*** RECORD SET Section Begins ***

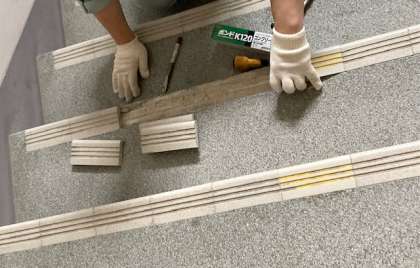 管理作業員の日野さんです。はずれかかっている階段のタイルを、ていねいに補修してくださっています。いつもありがとうございます。
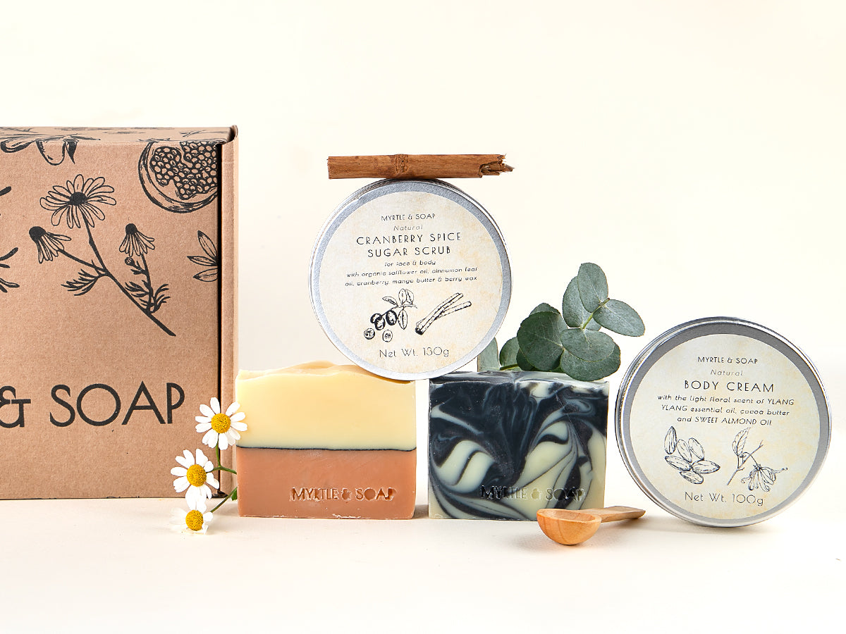 Dieses Myrtle & Soap Set enthält zwei der folgenden sechs natürlichen Seifen, die wir in unserer Sammlung haben:
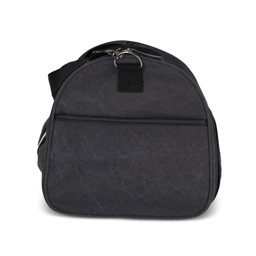 Elegante Reisetasche aus recyceltem Baumwoll-Canvas. Mit 100% recyceltem, reflektierendem Gurtband, luxuriösen Reißverschlüssen und Griffen sowie einem Futter aus 100% recyceltem Polyester. Mit seitlichen Tragegriffen, verstellbarem, abnehmbarem Schultergurt, 1 Seitentasche, 2 Vordertaschen und 3 Innentaschen, eine davon mit Reißverschluss.
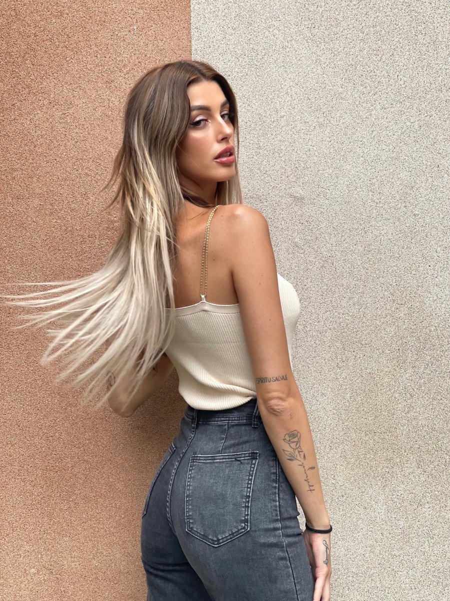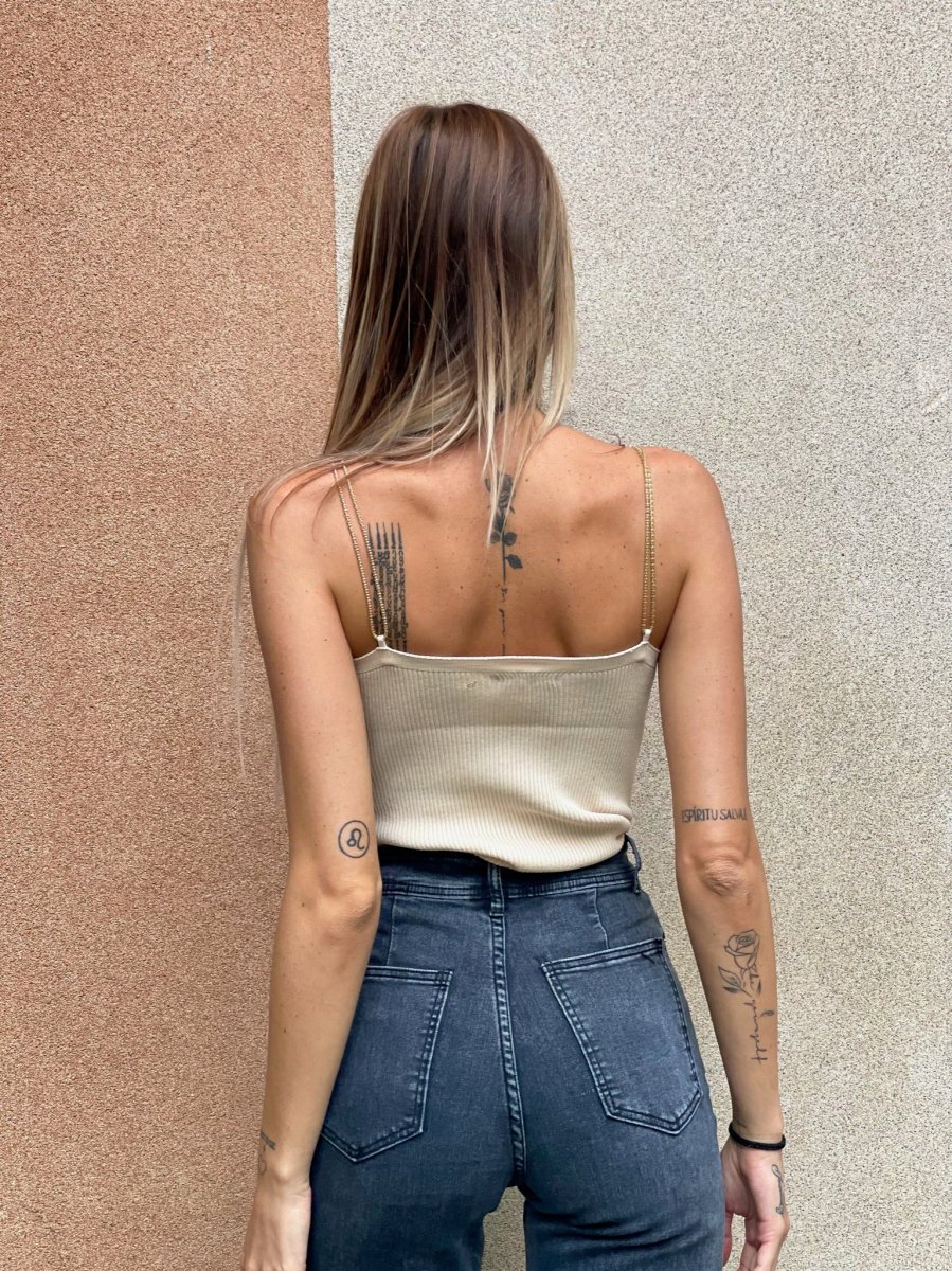 Top a costine in tessuto medio pesante, alta qualità francese. Spalline oro che arricchiscono il tutto. Perfetta da sola che come sotto giacca
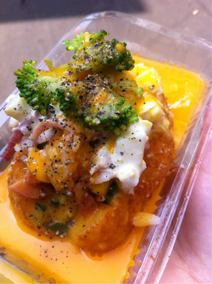 老板是一个非常可爱的广西女孩。起司马铃薯里面的配料也很多,黄瓜、玉米粒、培根、西兰花。。。

*** RECORD SET Section Ends ***

▸ THE TASK:
Every line above is to be reproduced verbatim, and the pictures are to be omitted.

▸ RESULT FOR THIS EXERCISE:
 管理作業員の日野さんです。はずれかかっている階段のタイルを、ていねいに補修してくださっています。いつもありがとうございます。
 Dieses Myrtle & Soap Set enthält zwei der folgenden sechs natürlichen Seifen, die wir in unserer Sammlung haben:
 Elegante Reisetasche aus recyceltem Baumwoll-Canvas. Mit 100% recyceltem, reflektierendem Gurtband, luxuriösen Reißverschlüssen und Griffen sowie einem Futter aus 100% recyceltem Polyester. Mit seitlichen Tragegriffen, verstellbarem, abnehmbarem Schultergurt, 1 Seitentasche, 2 Vordertaschen und 3 Innentaschen, eine davon mit Reißverschluss.
 Top a costine in tessuto medio pesante, alta qualità francese. Spalline oro che arricchiscono il tutto. Perfetta da sola che come sotto giacca
 老板是一个非常可爱的广西女孩。起司马铃薯里面的配料也很多,黄瓜、玉米粒、培根、西兰花。。。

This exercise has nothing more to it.